DATA FOR THE TASK:
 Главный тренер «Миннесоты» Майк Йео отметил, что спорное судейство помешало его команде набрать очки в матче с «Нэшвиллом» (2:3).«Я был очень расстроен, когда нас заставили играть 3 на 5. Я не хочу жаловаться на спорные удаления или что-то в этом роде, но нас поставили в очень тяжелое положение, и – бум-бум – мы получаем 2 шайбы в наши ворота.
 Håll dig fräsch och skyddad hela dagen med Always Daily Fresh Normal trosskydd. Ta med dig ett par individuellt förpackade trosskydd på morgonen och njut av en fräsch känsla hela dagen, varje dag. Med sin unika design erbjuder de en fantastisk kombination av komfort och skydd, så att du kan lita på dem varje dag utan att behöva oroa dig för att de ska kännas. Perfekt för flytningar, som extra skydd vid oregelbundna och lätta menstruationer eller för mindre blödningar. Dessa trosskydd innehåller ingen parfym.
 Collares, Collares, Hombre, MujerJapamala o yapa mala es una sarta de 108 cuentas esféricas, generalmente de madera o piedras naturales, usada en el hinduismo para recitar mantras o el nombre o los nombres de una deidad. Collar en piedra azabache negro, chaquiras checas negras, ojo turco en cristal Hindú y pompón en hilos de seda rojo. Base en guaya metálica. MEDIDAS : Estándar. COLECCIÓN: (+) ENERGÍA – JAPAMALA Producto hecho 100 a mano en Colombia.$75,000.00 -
--
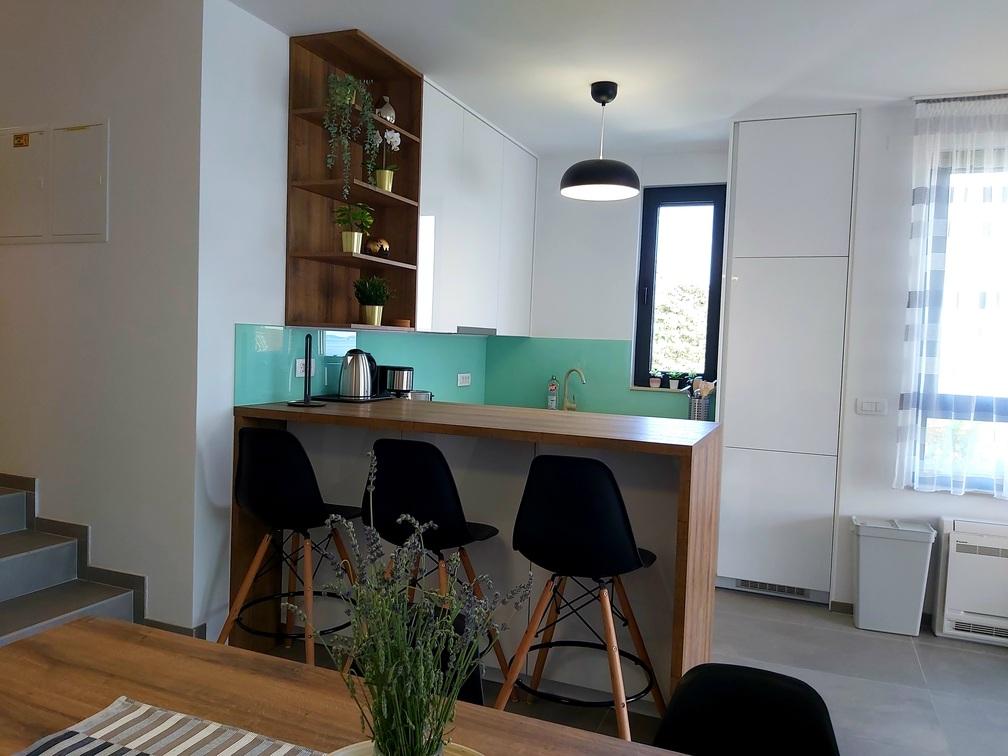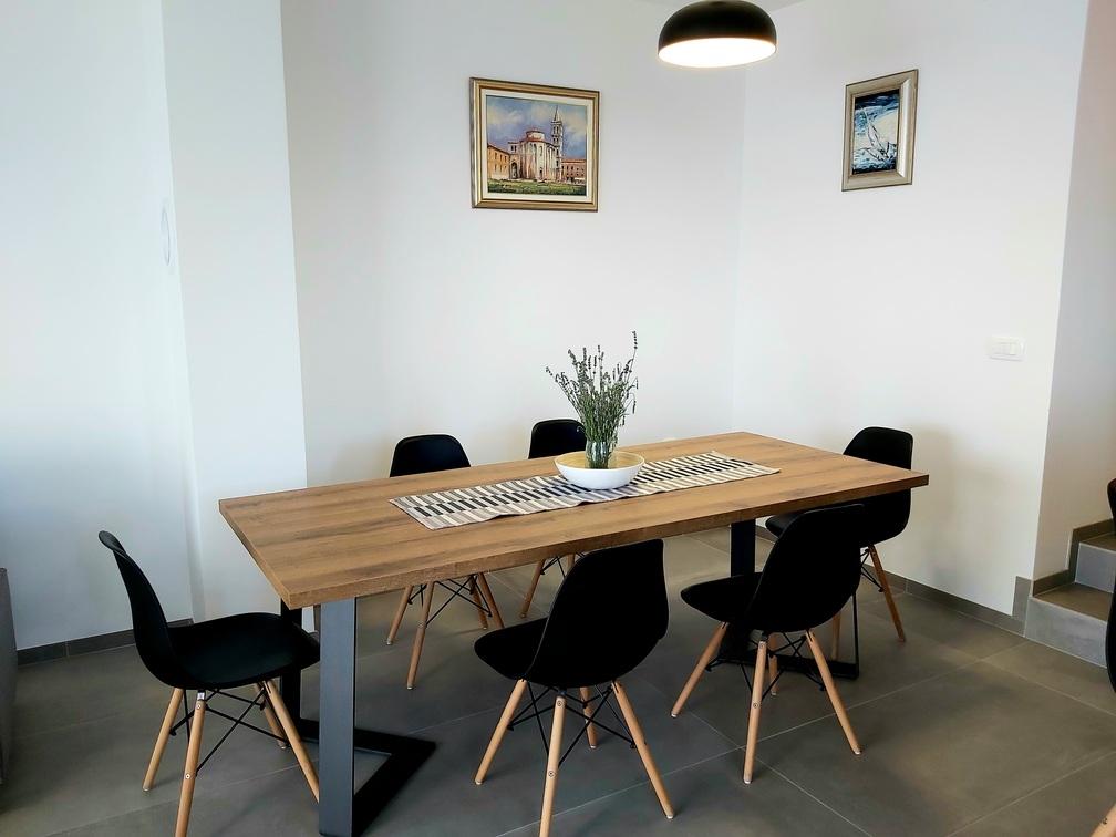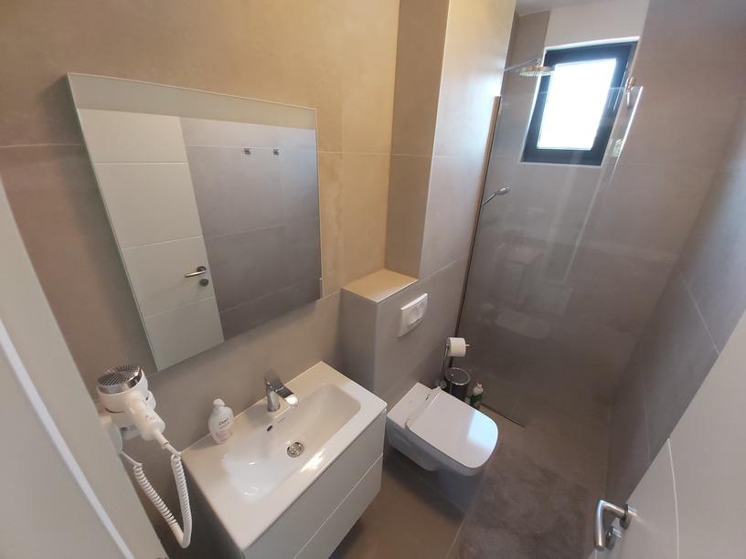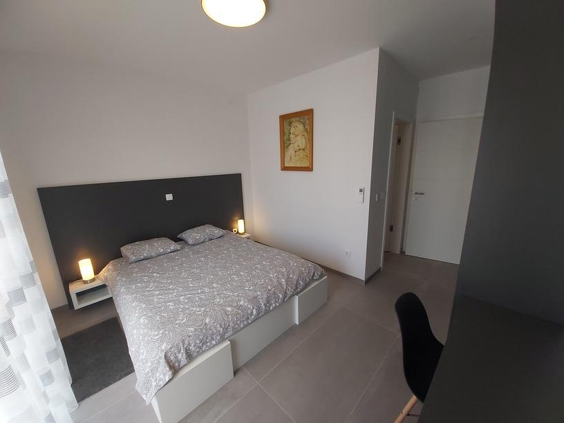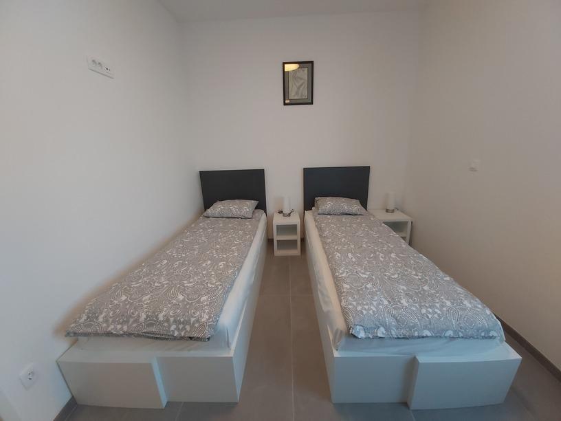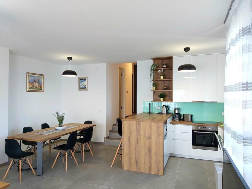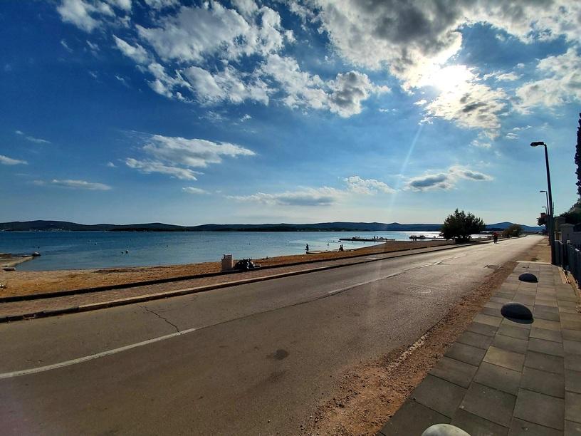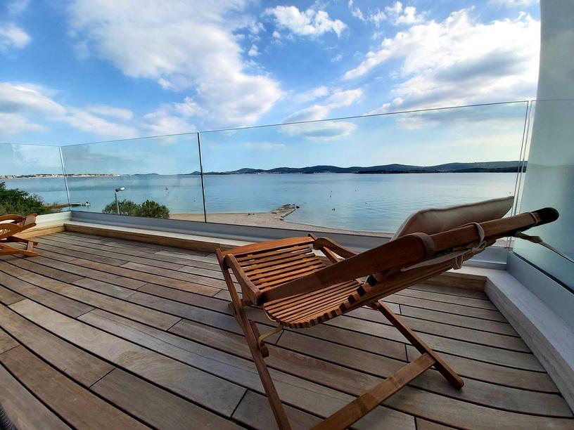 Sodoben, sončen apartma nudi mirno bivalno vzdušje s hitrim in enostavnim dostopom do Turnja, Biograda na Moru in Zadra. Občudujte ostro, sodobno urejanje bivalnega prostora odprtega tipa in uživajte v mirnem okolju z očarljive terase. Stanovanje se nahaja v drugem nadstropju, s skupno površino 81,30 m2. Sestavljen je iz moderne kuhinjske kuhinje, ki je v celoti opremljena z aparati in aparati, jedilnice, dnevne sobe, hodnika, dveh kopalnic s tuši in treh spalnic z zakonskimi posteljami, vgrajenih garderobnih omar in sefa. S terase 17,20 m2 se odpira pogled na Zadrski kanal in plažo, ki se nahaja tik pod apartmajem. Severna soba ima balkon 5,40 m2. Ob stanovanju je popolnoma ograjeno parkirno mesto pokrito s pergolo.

WORK TO COMPLETE: Copy, exactly and only, the lines above that begin with the one containing "в наши ворота." and finish with the one containing "Collares, Collares, Hombre, MujerJapamala".

ANSWER AREA:
 Главный тренер «Миннесоты» Майк Йео отметил, что спорное судейство помешало его команде набрать очки в матче с «Нэшвиллом» (2:3).«Я был очень расстроен, когда нас заставили играть 3 на 5. Я не хочу жаловаться на спорные удаления или что-то в этом роде, но нас поставили в очень тяжелое положение, и – бум-бум – мы получаем 2 шайбы в наши ворота.
 Håll dig fräsch och skyddad hela dagen med Always Daily Fresh Normal trosskydd. Ta med dig ett par individuellt förpackade trosskydd på morgonen och njut av en fräsch känsla hela dagen, varje dag. Med sin unika design erbjuder de en fantastisk kombination av komfort och skydd, så att du kan lita på dem varje dag utan att behöva oroa dig för att de ska kännas. Perfekt för flytningar, som extra skydd vid oregelbundna och lätta menstruationer eller för mindre blödningar. Dessa trosskydd innehåller ingen parfym.
 Collares, Collares, Hombre, MujerJapamala o yapa mala es una sarta de 108 cuentas esféricas, generalmente de madera o piedras naturales, usada en el hinduismo para recitar mantras o el nombre o los nombres de una deidad. Collar en piedra azabache negro, chaquiras checas negras, ojo turco en cristal Hindú y pompón en hilos de seda rojo. Base en guaya metálica. MEDIDAS : Estándar. COLECCIÓN: (+) ENERGÍA – JAPAMALA Producto hecho 100 a mano en Colombia.$75,000.00 -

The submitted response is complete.